Moyal writes clearly and arranges difficult material with crisp authority. This is a perspicacious book. Moyal cares about her subject and has used it to express more than a simple chapter of zoology. She sees the platypus within a very broad frame of reference and the result is a work of social history, the most absorbing form of literature when, as here, it is done well. Without straining for effect she shows a shrewd eye for human folly and the light of malice must have been in her eye in the writing of many passages. It would be difficult to imagine the type of intelligent reader that would not respond warmly to this book.
Reviewed by Bob Williams
Platypus
by Ann Moyal
Allen & Unwin, April 2002, 226 pages
ISBN 1-86508-804-8, RRPA$19.95
As befits any scholarly book, the front matter thanks all the persons that assisted the author.

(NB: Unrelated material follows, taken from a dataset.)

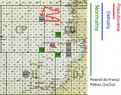 -Witaj. Jurgen Wolf, tak? Dobrze Jurgen, przedstawie Ci swój pomysł na dotarcie do wyznaczonego kwadratu, a Ty jako specjalista dopracujesz szczegółowo tę trasę. Słuchaj więc, a najlepiej sobie gdzieś zapisz. Po wyjściu z Kilonii, pełną prędkością przepływamy przez kanał, potem pełna prędkość aż do AN65. Ostrożną prędkością kierujemy się na płn-zachód do kwadratu AN27. Nadal będąc ostrożnymi do AF78, potem AM32, AM25, AM41iii na połdunie aż do CF33. Od BE6 wracamy do pełnej prędkości. Zrozumiano?

Many readers skip this sort of thing or look for the names of someone they know.
It isn’t difficult to establish the importance of the subject, an anomalous animal that defies all reasonable explanations and sits in near lonely splendor as one of the oddities of the natural world. Its first appearance was dismissed as a hoax and the reality of the platypus was only grudgingly accepted.

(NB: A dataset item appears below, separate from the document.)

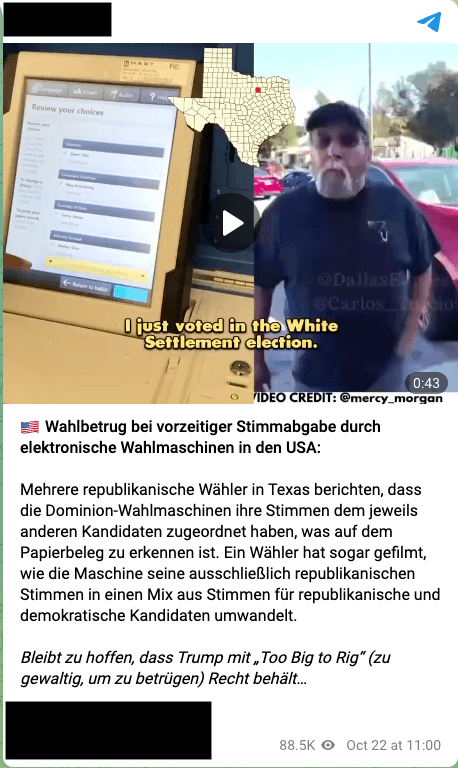 Gleich zu Beginn der Wahl verbreitete sich online ein Videozusammenschnitt, der angeblich Wahlbetrug belegen soll. Das Video auf der rechten Bildschirmhälfte zeigt Interviews mit zwei Männern. Sie sagen, in White Settlement, einer Stadt im US-Bundesstaat Texas, seien Stimmen durch den Wahlautomaten falsch zugeordnet worden. Der erste Mann sagt, er habe es selbst erlebt; der andere gibt an, es von zwei anderen Personen gehört zu haben. Das Video auf der linken Bildschirmhälfte zeigt parallel zu den Interviews einen Wahlautomaten, auf dem eine Person abstimmt und anschließend den gedruckten Stimmzettel in die Kamera hält.

For those interested in Colonialism the series of discoveries leading to that of the platypus has its fascinations. Captain Cook’s naturalist reported favorably on Botany Bay and this led to the formation of the penal colony at that site. The successive governors of this colony provided England with the first kangaroo and in 1799 the
platypus.
The platypus spread confusion not only through its mixed appearance – part bird, part lizard and part mammal – but also through a restless search for an acceptable name. Platypus, as it turned out, was no longer available since it already formed the name for a beetle but the original designation stuck while naturalists searched for a unique descriptive name to be used for scientific purposes. The result – ornithorhynchus anatinus – has a sad lack of appeal. Confusion continued as naturalists dissected specimens and attempted to deduce how this strange mixture
bore its young. The process involved eggs but dissection could not prove if the young were hatched within or outside of the female body. The eagerness of early enthusiasts led to the exchange of one platypus for five gallons of rum.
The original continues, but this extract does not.